**Task requirements**
From the line containing "Anua PDRN Hyaluronic" down to the last line of the material, output each line exactly as it appears, excluding pictures.

**Provided records**
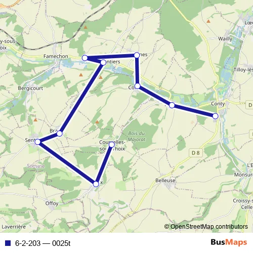 The first stop of the 6-2-203 bus route is Conty - Collège Jules Ferry and the last stop is Courcelles-Sous-Thoix - Mairie - 15 Grande Rue. 6-2-203 (0025t) is operational during tous les jours.
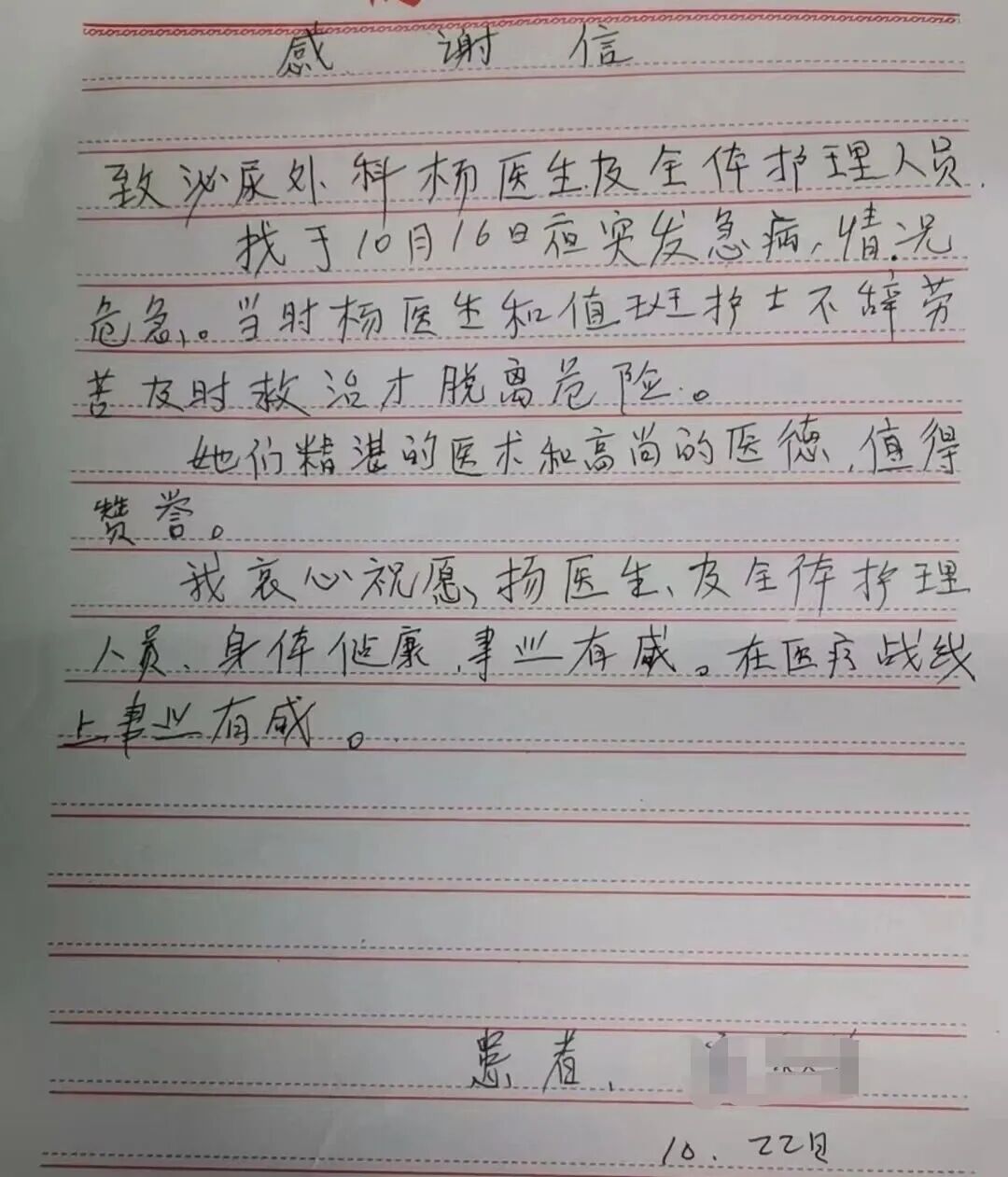 為感謝楊艷霞醫(yī)生的及時救治和護士們的貼心照顧,出院后患者特意寫下一封感謝信,字里行間滿是對楊醫(yī)生專業(yè)醫(yī)術、敬業(yè)精神和人文關懷的由衷贊譽,也表達了對醫(yī)院泌尿外科醫(yī)療服務的高度認可。
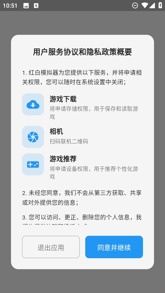 1、在本站下载红白模拟器app,首次使用需要同意用户协议以及需要的权限。
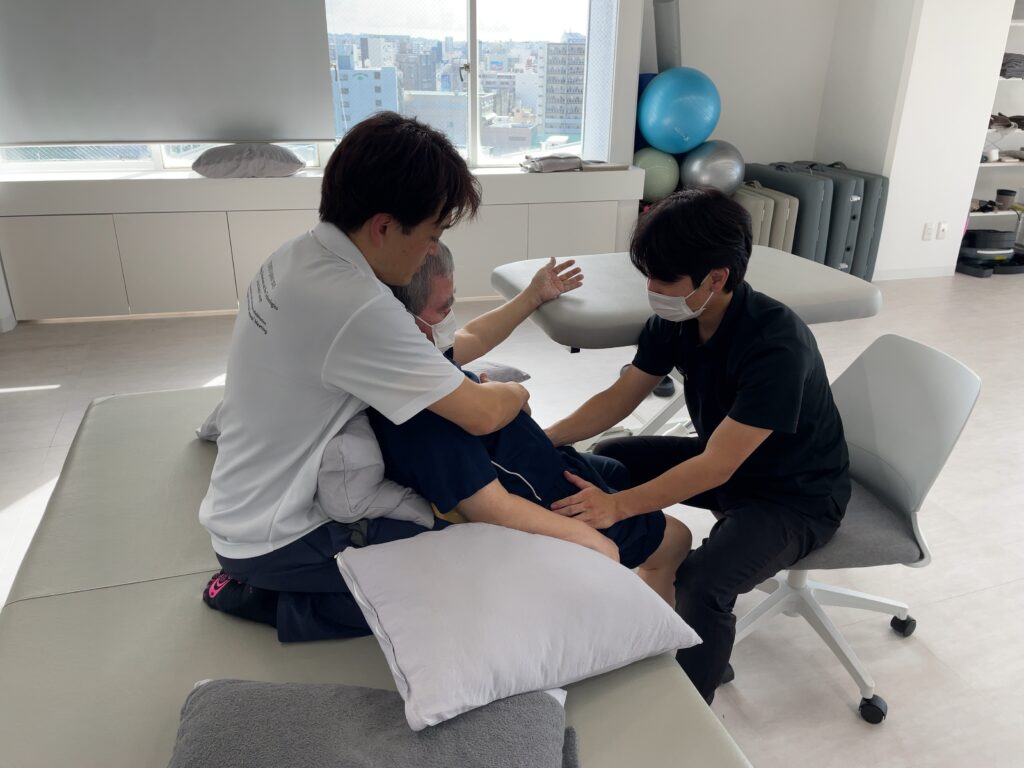 講習会前日には、3名のご利用者様のリハビリに鮎川先生とご一緒に入っていただき、
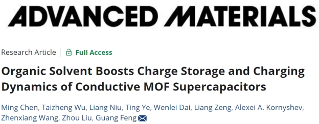 05月16日,《先进材料》(AdvancedMaterials)以研究长文形式刊发了学院冯光教授团队关于导电MOF超级电容器的最新研究成果。论文题目为《有机溶剂提升导电MOF超级电容器的电荷存储和充电性能》(Organic Solvent Boosts Charge Storage and Charging Dynamics of Conductive MOF Supercapacitors);6165金沙总站官方入口煤燃烧与低碳利用全国重点实验室为第一单位。
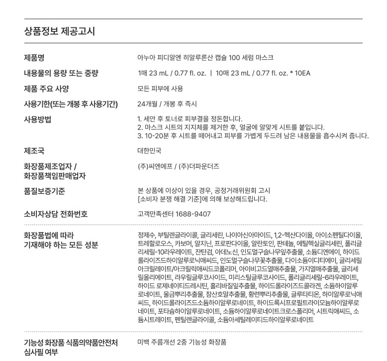 Anua PDRN Hyaluronic Acid Capsule 100 Serum Mask (23ml x 10 Sheets)
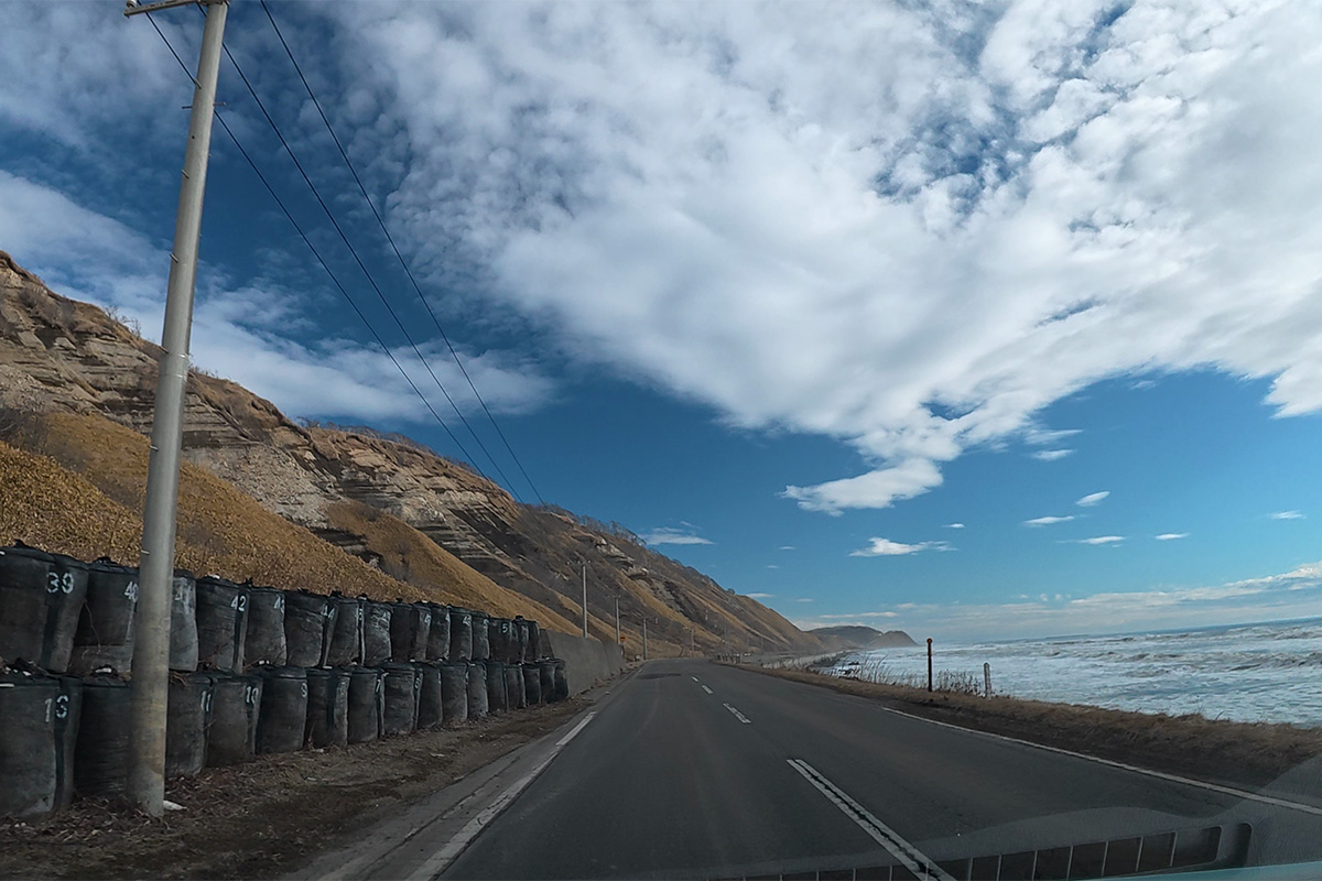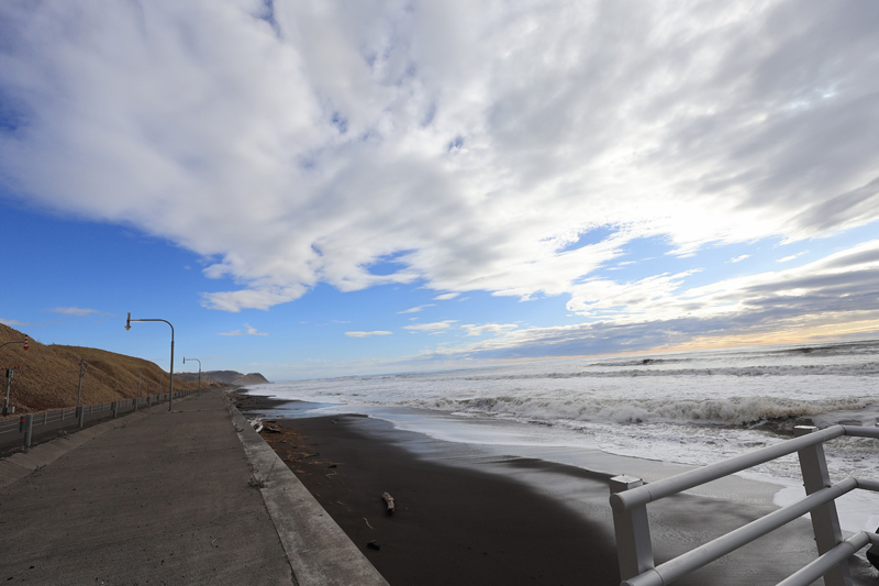 広尾のあたりだったかな。わかるだろうか、波が道路よか高いのよ・・・延々とこんな状態でちょっと怖かったよ(;´Д`)

**Task result**
 Anua PDRN Hyaluronic Acid Capsule 100 Serum Mask (23ml x 10 Sheets)
 広尾のあたりだったかな。わかるだろうか、波が道路よか高いのよ・・・延々とこんな状態でちょっと怖かったよ(;´Д`)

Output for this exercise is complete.